Friday, May 30, 2014

Comparative Genomics Using the Canvas API

An interesting and somewhat mysterious aspect of biodiversity is that the relative proportions of the bases in DNA can take on wildly different values in different organisms even though they're making many of the same proteins. I'm referring to the fact that the G+C (guanine plus cytosine) content of DNA can vary from more than 70% (e.g., Streptomyces species) to less than 30% for certain bacterial endosymbionts (and even for some free-living bacteria, such as Clostridium botulinum).
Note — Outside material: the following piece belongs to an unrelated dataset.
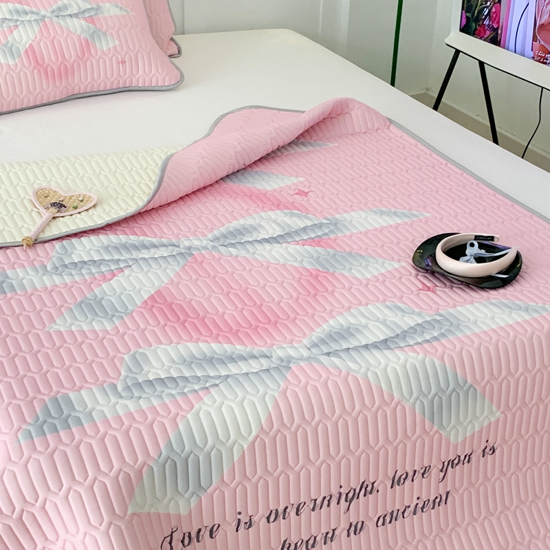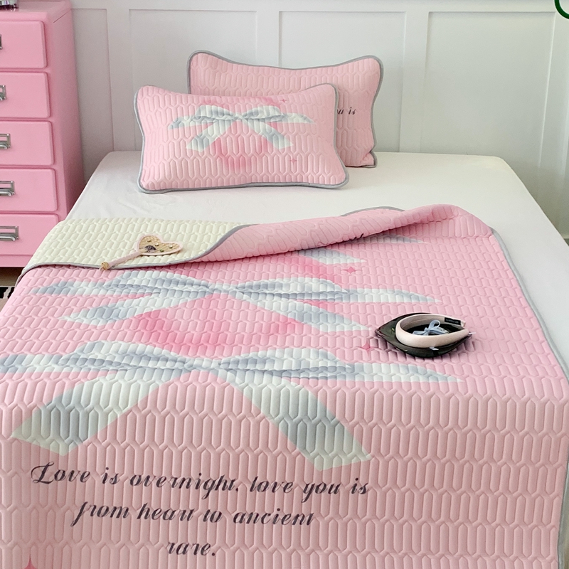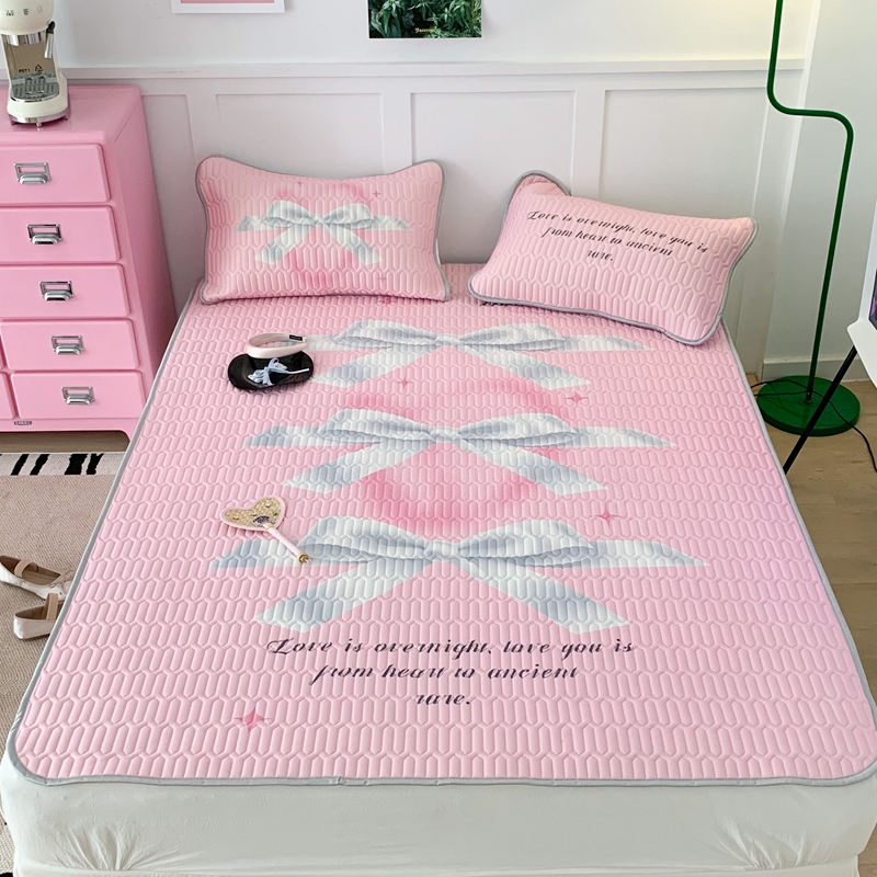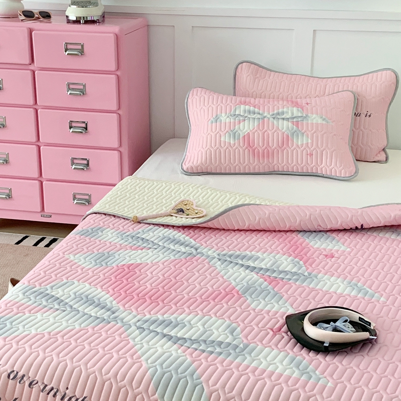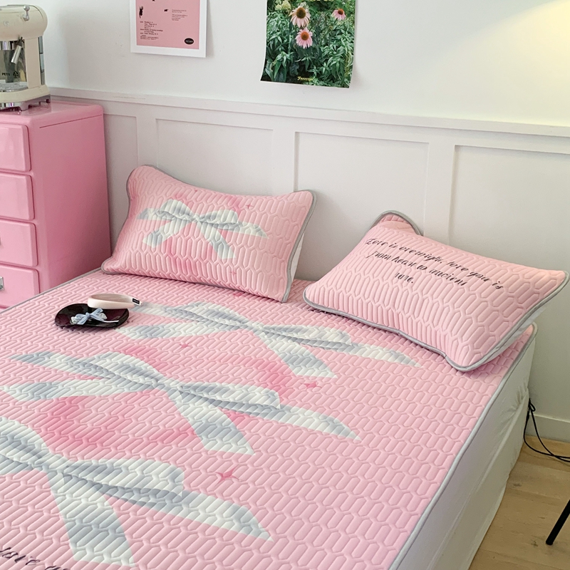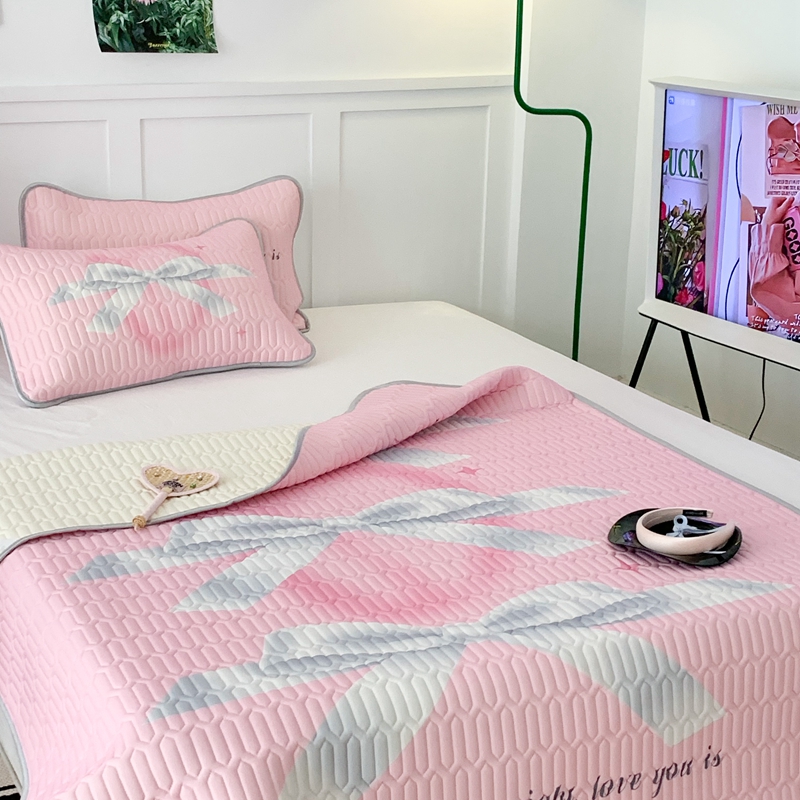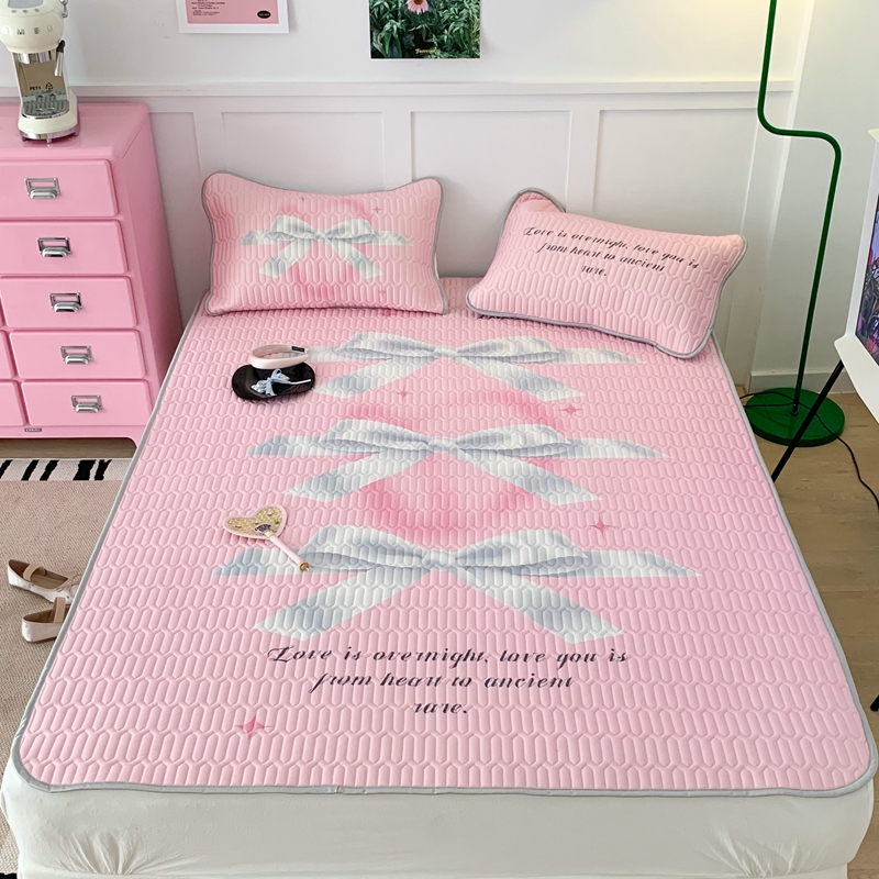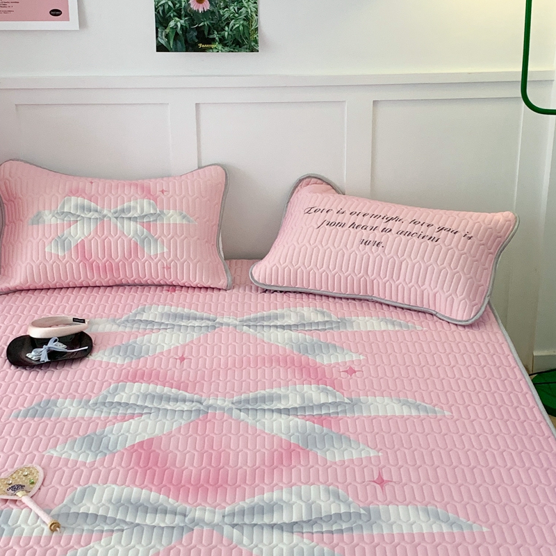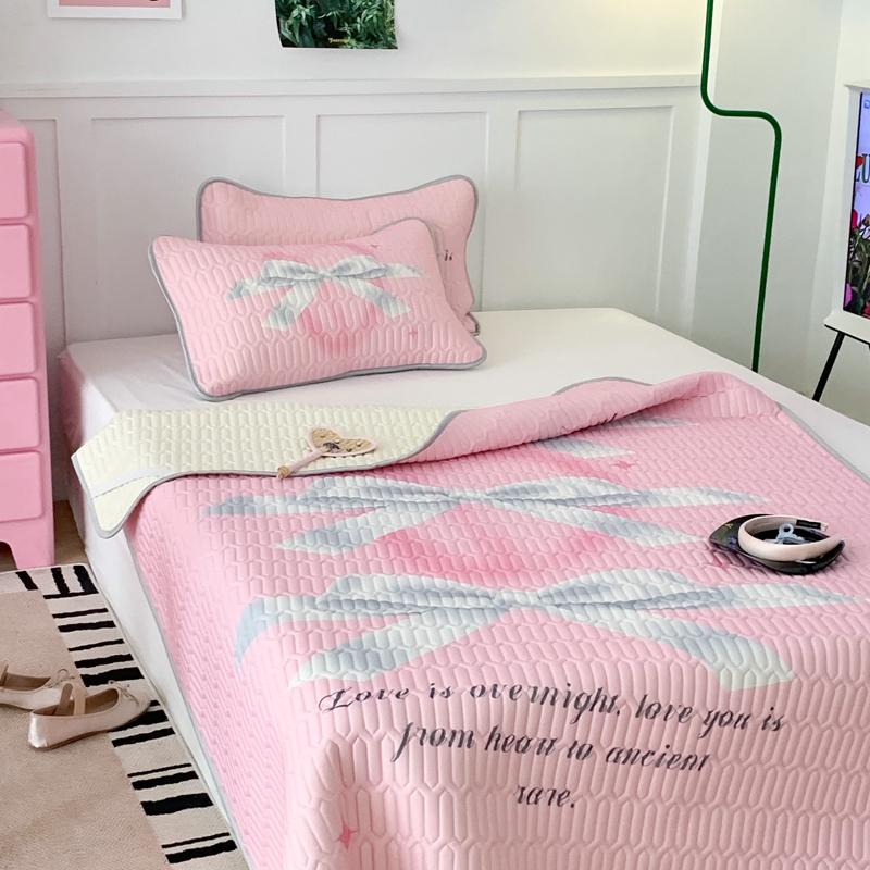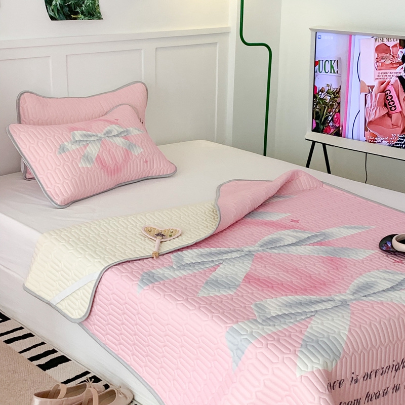 昔可家纺2023新款甜酷黑粉系列乳胶凉席 芭蕾风丝带蝴蝶结

Remarkably, the DNA of the tiny bacterium Buchnera aphidicola (which is distantly related to E. coli but entered into a symbiotic partnership with the aphid around 200 million years ago) has a GC content of only 26%, making its DNA look almost like a two-letter code (A and T, with the occasional G or C).

Many genome-reduced endosymbionts have lost most of their DNA repair enzymes (this is true of mitochondria, incidentally, which are thought to have arisen from a symbiosis with an ancient ancestor of today's Alphabproteobacteria), and this loss of repair capability could well explain much of the GC-to-AT shift seen in endosymbiont genomes. (Left on its own, DNA tends to accumulate 8-oxo-guanine residues, which incorrectly pair with thymine and result in GC-to-TA transversions at DNA replication time.) Whatever the cause(s), GC reduction has left many organisms with severely A- and T-enriched DNA. But the organisms in question are still able to encode perfectly functional proteins, even with a limited nucleic-acid vocabulary.
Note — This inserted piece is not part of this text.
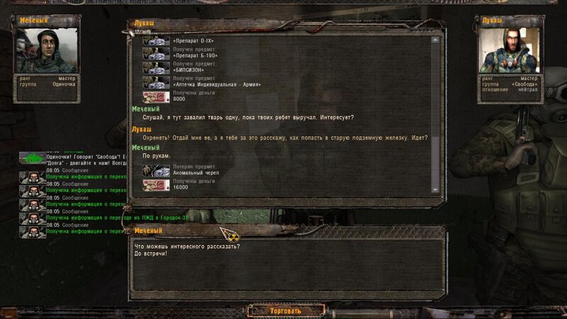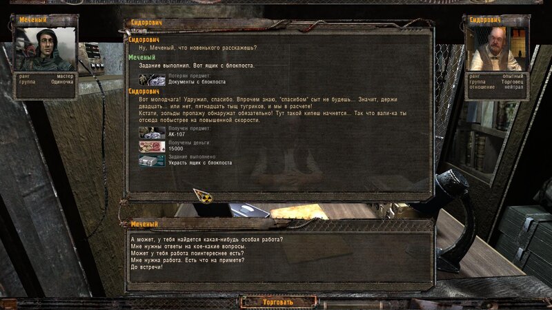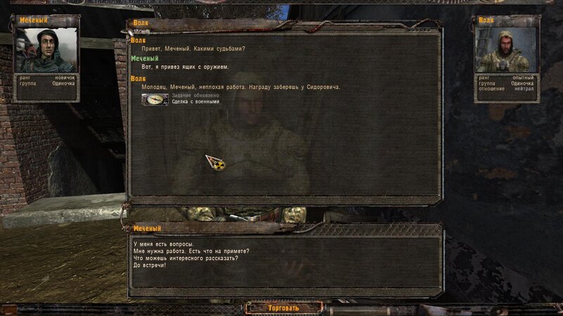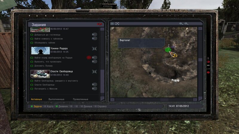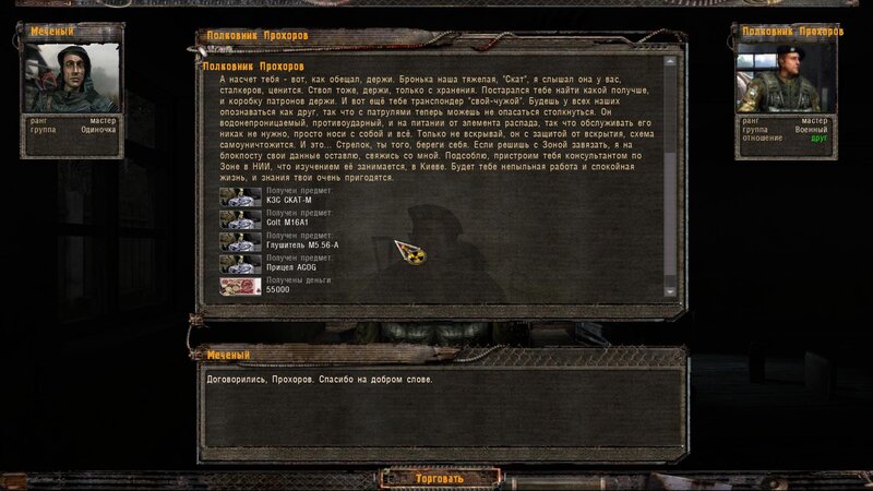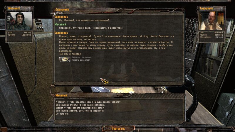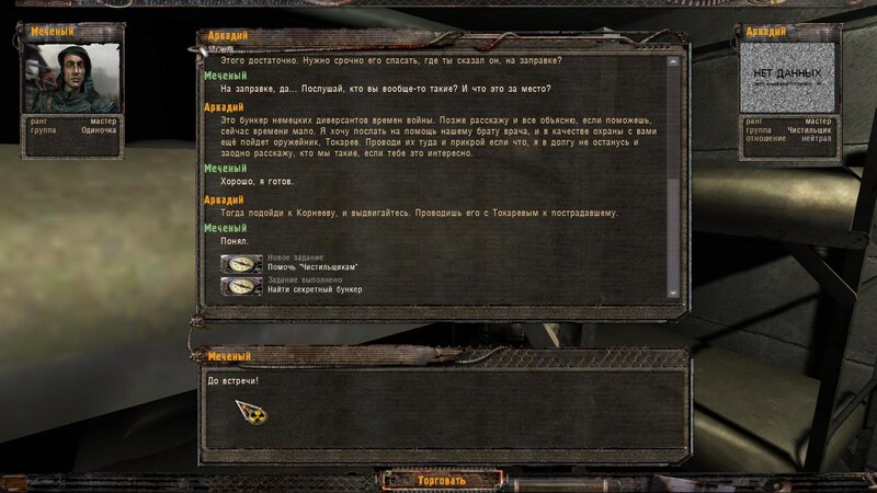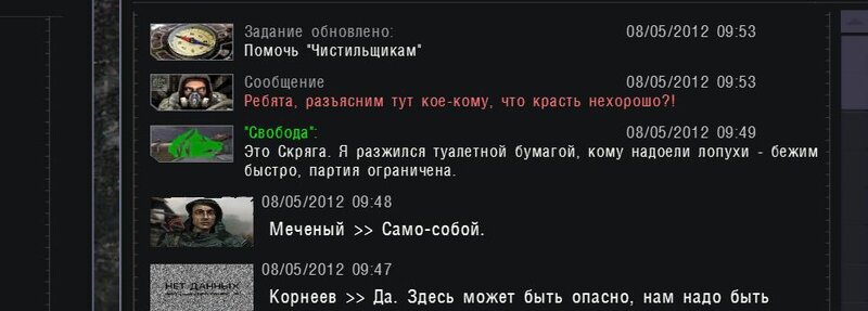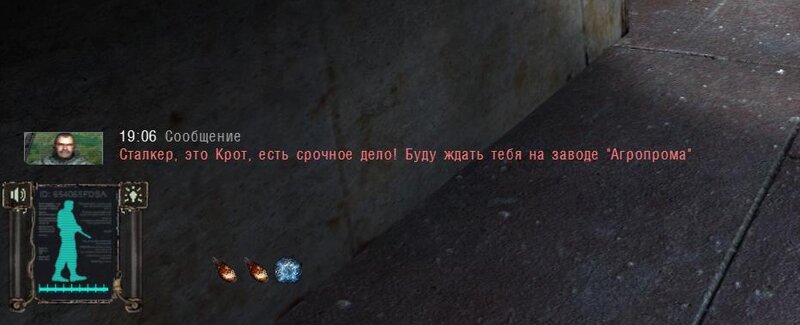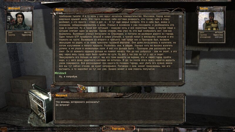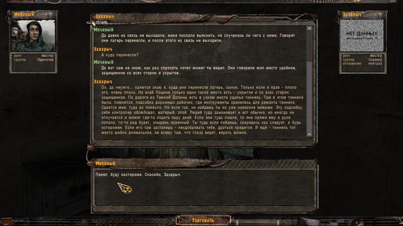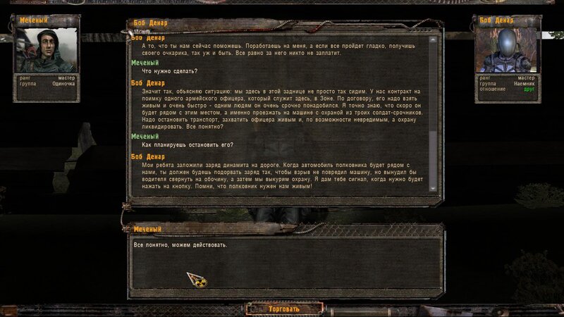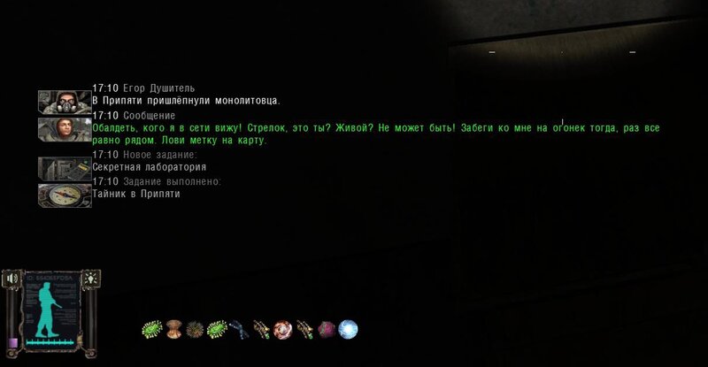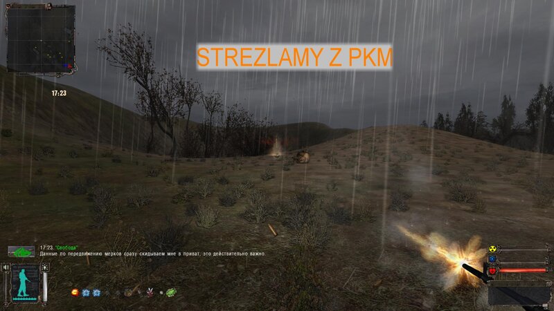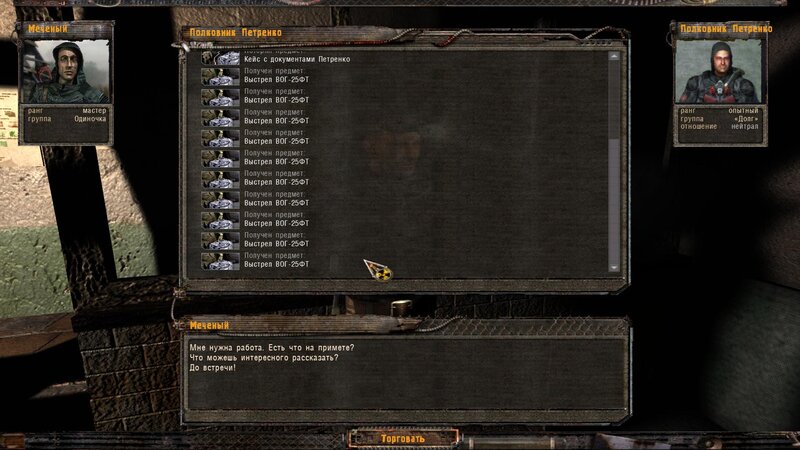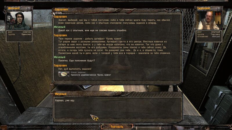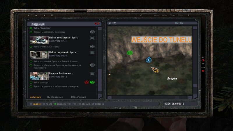 Po zabraniu artu i ucieczce wojsko zaczyna strzelać - ja ich wykończyłem. Wojsko pod mostem pomimo tego nie strzela. Dostajemy kasę od Sidora. Kolejne zadanie jakie od niego wziąłem to podsłuchanie najemników na Wysypisku. Kiedy podchodzimy do ich grupy podświetla nam się zadanie by wyciągnąć mikrofon kierunkowy - klikamy na niego w inwentarzu i przez 45 sekund nagrywamy. Po sprawie przychodzi SMS od Sidora. Podczas emisji mamy ciekawe menu PDA.

I decided it might be interesting to try to visualize "GC diversity" by creating a heat map of G and C (in hot colors) and A and T (in cool colors) for certain genes that occur across all bacteria. For example, the following graphic is a heat map of GC and AT usage in the gene for thymidine kinase as it occurs in 61 different organisms with genomic G+C ranging from just over 70% to just under 30%.
Thymidine kinase gene for 61 bacteria of widely varying genomic GC percentages. Guanine and cytosine are represented by hot colors, adenine and thymine by cool colors. Alignments were done with MEGA6 software via ClustalW using a relatively permissive gap-opening penalty of 9 and a gap-extension penalty of 5. The heat map was created with JavaScript using the Canvas API.
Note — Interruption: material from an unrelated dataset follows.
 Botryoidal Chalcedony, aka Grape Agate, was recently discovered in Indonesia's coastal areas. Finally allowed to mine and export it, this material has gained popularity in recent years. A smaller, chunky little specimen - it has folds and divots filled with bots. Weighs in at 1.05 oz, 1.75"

To create this map, I obtained DNA sequences for thymidine kinase from 61 organisms (using the excellent online tools at and, then aligned them in MEGA6 and drew colors (red or red-orange for G or C, blue or blue-green for A or T) corresponding to the bases, using the Canvas API. What you're looking at are 61 rows of data (one row per gene; which is also to say, per organism). Gaps created during alignment are shown in grey.

Several things are apparent from this graphic, aside from the obvious fact that GC usage (indicated by red and orange) tends to be high in the genes for organisms like Brachybacterium faecium (top line, GC 72%) and low for bottom-of-the-chart organisms like Clostridium perfringens B strain ATCC 3626 (28.7% GC) and Ureaplasma urealyticum (25.9%). First, high-GC genes tend to be somewhat longer. (Indeed, in the upper right you can see that the longest genes opened up a sizable alignment gap that extends down the whole graphic.) Also, the genes differ substantially in their leader and trailer sequences, although I think what we're really seeing here is (at least in part) inaccurate annotation of start and stop codons. What's interesting to me is the way certain GC regions trail all the way down to the bottom of the graph while others fade to blue. I think it could be argued that the nucleotides represented by the red blips in the final few lines of the graph, at the bottom, are positions in the gene that are under strong functional constraints. It would be interesting to test those positions for evidence of selection pressure. It could be argued that all areas of low selection pressure have turned blue by the time you get to the bottom of the graph.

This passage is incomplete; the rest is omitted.